Seven or below? That’s the question most pose for GDP growth in 2009-10, having agreed on around 7.5 per cent for the current year. With the global financial market looking terrible and growth in the developed world also slipping, it’s not too difficult to see why so many are plumping for seven. With global growth down, exports of goods and services will taper off; with global demand slowing, so will the investments in new steel plants planned to service this demand; with liquidity drying up globally, credit will cost more and also hit investments in the country.

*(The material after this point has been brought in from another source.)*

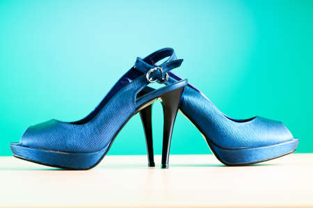 Stylish female shoes on color background

But just how bad things are and how much they will be affected by global events is the question that the Icrier-CMIE seminar on Preventing an Economic Downturn asked last week. Two of the many slides presented by Mahesh Vyas of CMIE (shown here), in a sense, summarise the problem. The official Index of Industrial Production (IIP) and Wholesale Price Index data would suggest India’s heading towards the classic stagflation, with inflation rising and growth (at least industrial growth) falling. You’d expect that data on sales of the very companies that make up this IIP would show the same trend. Yet, it doesn’t. CMIE takes a sample of 2,100 companies from March 2007 to May 2008 and looks at their sales in current rupees; it then deflates these to remove the impact of inflation and comes up with real sales — and lo and behold, industrial growth is actually picking up! Plot the Consumer Price Index for Industrial Workers and you find that while inflation’s up, it’s hardly frightening.

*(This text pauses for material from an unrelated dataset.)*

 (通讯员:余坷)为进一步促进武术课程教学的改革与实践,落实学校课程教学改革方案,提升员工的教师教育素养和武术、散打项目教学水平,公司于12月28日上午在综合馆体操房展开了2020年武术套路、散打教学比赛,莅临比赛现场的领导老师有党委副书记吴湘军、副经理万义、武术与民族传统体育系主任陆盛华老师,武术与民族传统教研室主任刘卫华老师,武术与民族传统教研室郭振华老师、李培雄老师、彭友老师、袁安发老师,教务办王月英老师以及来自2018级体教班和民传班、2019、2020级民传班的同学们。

So which picture should we believe, the one on the left or the one on the right? Some weeks ago, when the capital goods index in the IIP was also showing a dip, most saw this evidence of the falling growth in investment — at that time, in this newspaper, Vyas pointed out that the sales or balance sheet data of the firms in the capital goods space were rising. Well, as if on cue, the latest IIP shows a smart increase in the capital goods sub-sector!

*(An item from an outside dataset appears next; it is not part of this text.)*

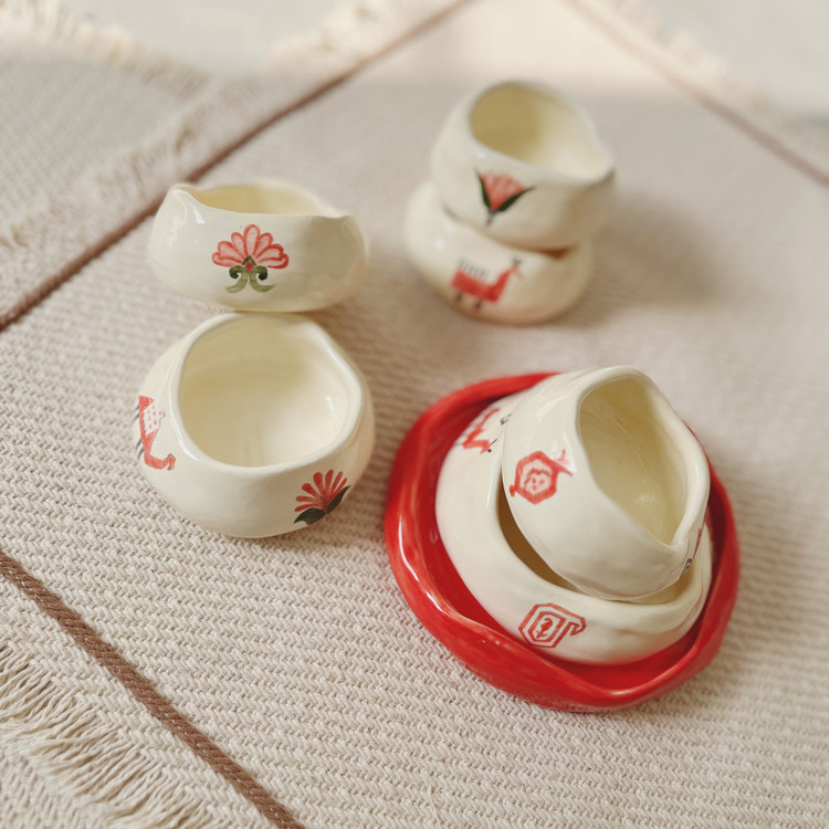 ست هفت سین سرامیکی دفرمه نقاشی خاص با دست کد ۱۴۰۵ دیماسرام

Sure, the global crisis can affect much of this, through both the demand side as well as from the availability of finance point of view. But a few things are worth keeping in mind. For one, according to Vyas, less than a tenth of the investment projects announced are linked to the export market; the rest are for local needs of increased townships, electricity generation, roads and so on. Second, while increased interest rates and poor availability of funds are clearly an issue, it’s worth keeping in mind that Indian companies have a lot more cash than ever before, are less leveraged and aren’t stressed in terms of payments either. In other words, while higher interest rates will affect demand, from the companies’ point of view, it may not affect profits as much as is widely believed.
Two other data points are worth keeping in mind. The Indian Council for Research on International Economic Relations (Icrier) presentation showed, using the Hodrick and Prescott filters, the economy has been growing much faster than what should be expected, given infrastructure and other constrains — this is the logic behind the belief the economy is overheating. Second, Icrier argued, India’s real interest rates are pretty much aligned with those in developed economies. This got discussant Surjit Bhalla’s goat and he argued that he’d done the same exercise and found India’s actual GDP growth was not in excess of the potential in the last three years. He also argued that if the GDP deflator/CPI was used in place of WPI (as other countries do) to arrive at India’s real interest rates, you’d find India’s rates were far in excess of those shown by Icrier.
While Icrier chief Rajiv Kumar agreed to take these points on board the next time around, it’s important to know whether the new RBI Governor is seeing both sets of data. Seeing just one will seriously bias his policy actions in one direction; seeing both will force him to pause and look at things again.